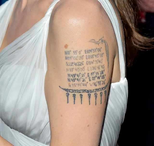 Angelina Jolie közismerten sok-sok tetoválással büszkélkedik. A bal vállán mind a hat gyermekének a születési helyének koordinátái vannak felvarrva. Hogy miért van mégis hét sor? Nos, a hetedik Brad Pitt születési helyét jelöli...
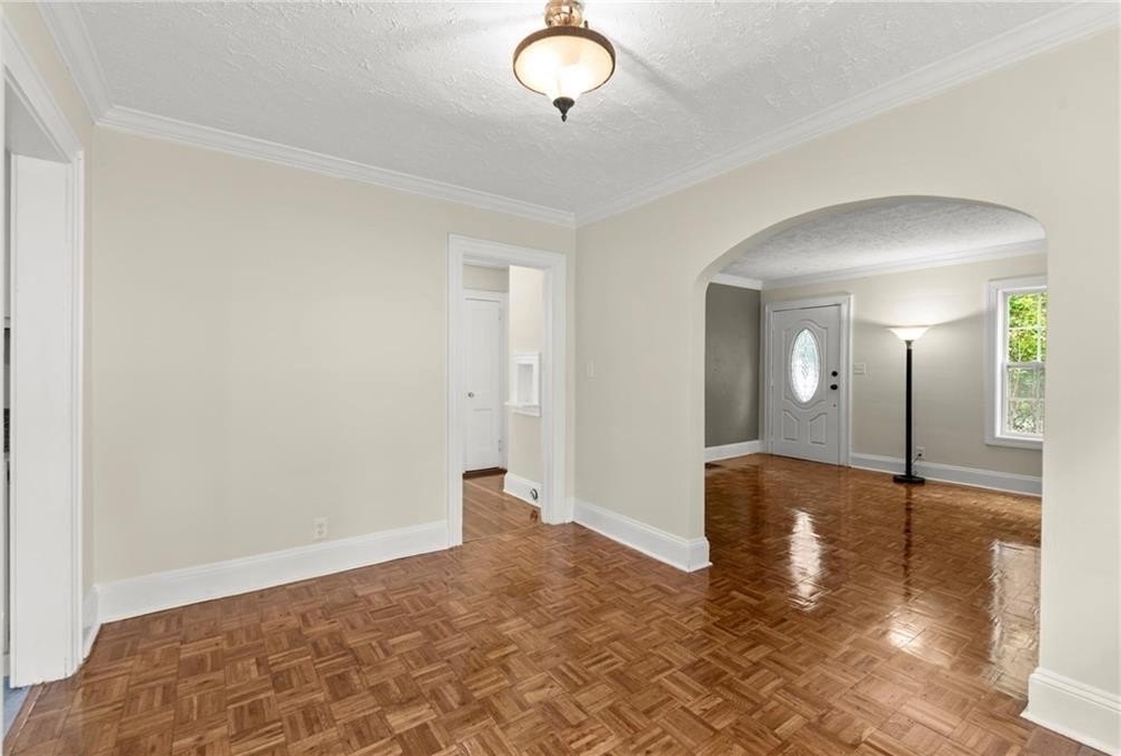 Discover this charming, updated 2-bedroom, 1-bathroom home with a spacious private yard, perfectly situated just minutes from downtown Atlanta. Updates include gleaming hardwood floors, fresh paint throughout, updated light fixtures, new hardiplank siding, new windows and more! Crown molding adds a touch of sophistication, while numerous new double-pane windows fill the space with natural light. Enter into the heart of the home, the spacious living room with a cozy fireplace, and a large arched doorway leading to the dining room for that open-concept feel. The updated kitchen is equipped with granite countertops and stainless steel appliances.
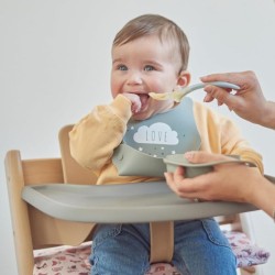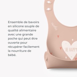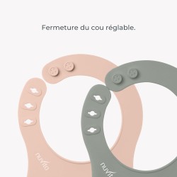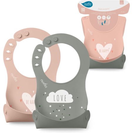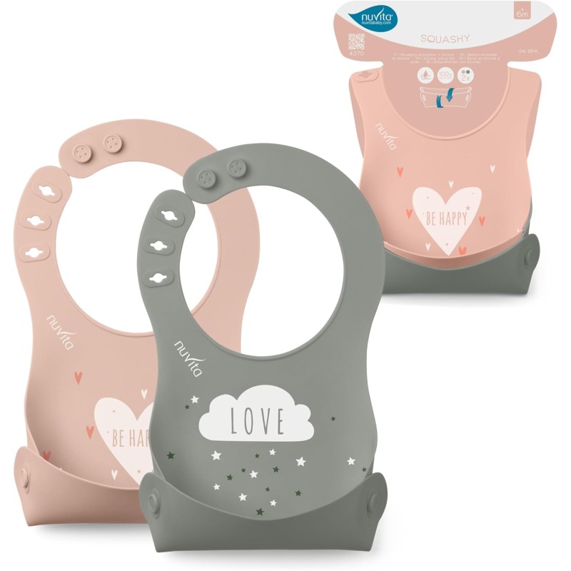 Set di 2 bavaglini Il Nuvita 4370 include un pratico set di 2 bavaglini arrotolabili in silicone con tasca per raccogliere residui di cibo senza sporcare perfetti per i pasti del tuo bambino
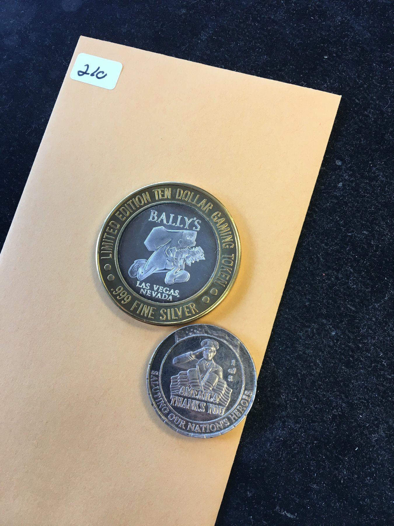 NICE LOT OF 2 SILVER GAMBLING TOKENS! 1oz TOTAL
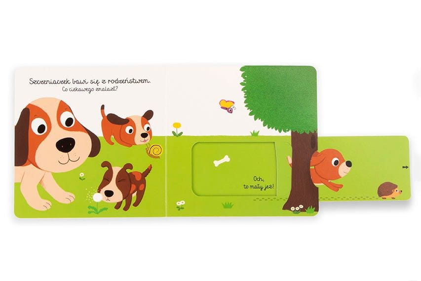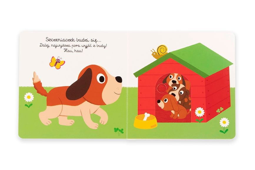 "Dzień dobry, szczeniaczku!" z serii pierwsze bajeczki to ciepłe i proste historyjki oraz ruchome elementy, które zaciekawią każdego malucha. Dzięki temu, że teksty są krótkie, dziecku łatwo jest skupić uwagę od początku do końca.
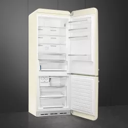The iconic Smeg 50's Style combined refrigerator blends vintage charm with advanced cooling technology. Featuring a spacious separate freezer compartment and a Total No Frost system with dual cooling circuits, it prevents ice build-up and ensures optimal food preservation. The internal fan and Multiflow system guarantee consistent cold air distribution, while the handy manual ice maker provides fresh ice cubes whenever needed. With a net capacity of over 480 liters, it delivers generous storage space and family-friendly functionality.
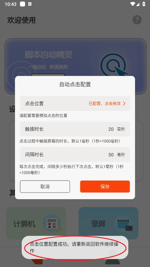 5、当提示点击位置配置成功之后,就可以返回软件使用了。
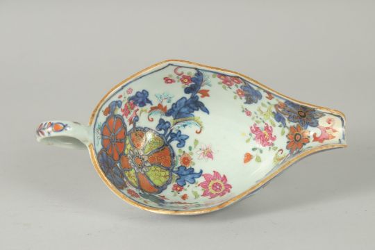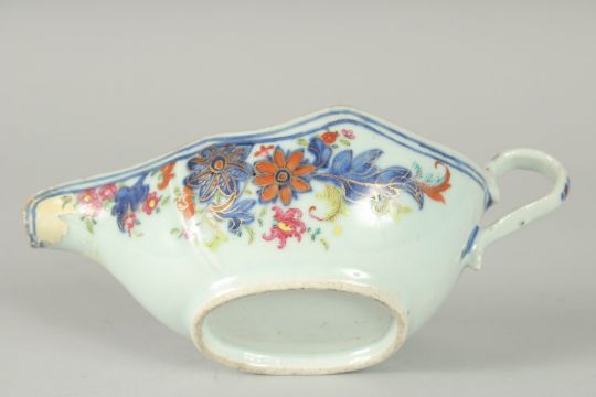A FAMILLE ROSE PORCELAIN SAUCE BOAT, with gilt highlights, (af), 21cm long.
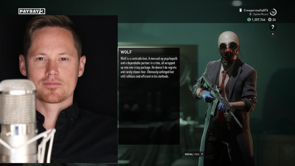 There are six main members of the Payday squad this time around, with the addition of Pearl to the team. However, while the character of Wolf is still the same in the game, behind the scenes there’s been a bit of a switch-up.
——
How to complete this task: Reproduce every record in full. Leave out the images.

Exercise result:
 Angelina Jolie közismerten sok-sok tetoválással büszkélkedik. A bal vállán mind a hat gyermekének a születési helyének koordinátái vannak felvarrva. Hogy miért van mégis hét sor? Nos, a hetedik Brad Pitt születési helyét jelöli...
 Discover this charming, updated 2-bedroom, 1-bathroom home with a spacious private yard, perfectly situated just minutes from downtown Atlanta. Updates include gleaming hardwood floors, fresh paint throughout, updated light fixtures, new hardiplank siding, new windows and more! Crown molding adds a touch of sophistication, while numerous new double-pane windows fill the space with natural light. Enter into the heart of the home, the spacious living room with a cozy fireplace, and a large arched doorway leading to the dining room for that open-concept feel. The updated kitchen is equipped with granite countertops and stainless steel appliances.
 Set di 2 bavaglini Il Nuvita 4370 include un pratico set di 2 bavaglini arrotolabili in silicone con tasca per raccogliere residui di cibo senza sporcare perfetti per i pasti del tuo bambino
 NICE LOT OF 2 SILVER GAMBLING TOKENS! 1oz TOTAL
 "Dzień dobry, szczeniaczku!" z serii pierwsze bajeczki to ciepłe i proste historyjki oraz ruchome elementy, które zaciekawią każdego malucha. Dzięki temu, że teksty są krótkie, dziecku łatwo jest skupić uwagę od początku do końca.
The iconic Smeg 50's Style combined refrigerator blends vintage charm with advanced cooling technology. Featuring a spacious separate freezer compartment and a Total No Frost system with dual cooling circuits, it prevents ice build-up and ensures optimal food preservation. The internal fan and Multiflow system guarantee consistent cold air distribution, while the handy manual ice maker provides fresh ice cubes whenever needed. With a net capacity of over 480 liters, it delivers generous storage space and family-friendly functionality.
 5、当提示点击位置配置成功之后,就可以返回软件使用了。
A FAMILLE ROSE PORCELAIN SAUCE BOAT, with gilt highlights, (af), 21cm long.
 There are six main members of the Payday squad this time around, with the addition of Pearl to the team. However, while the character of Wolf is still the same in the game, behind the scenes there’s been a bit of a switch-up.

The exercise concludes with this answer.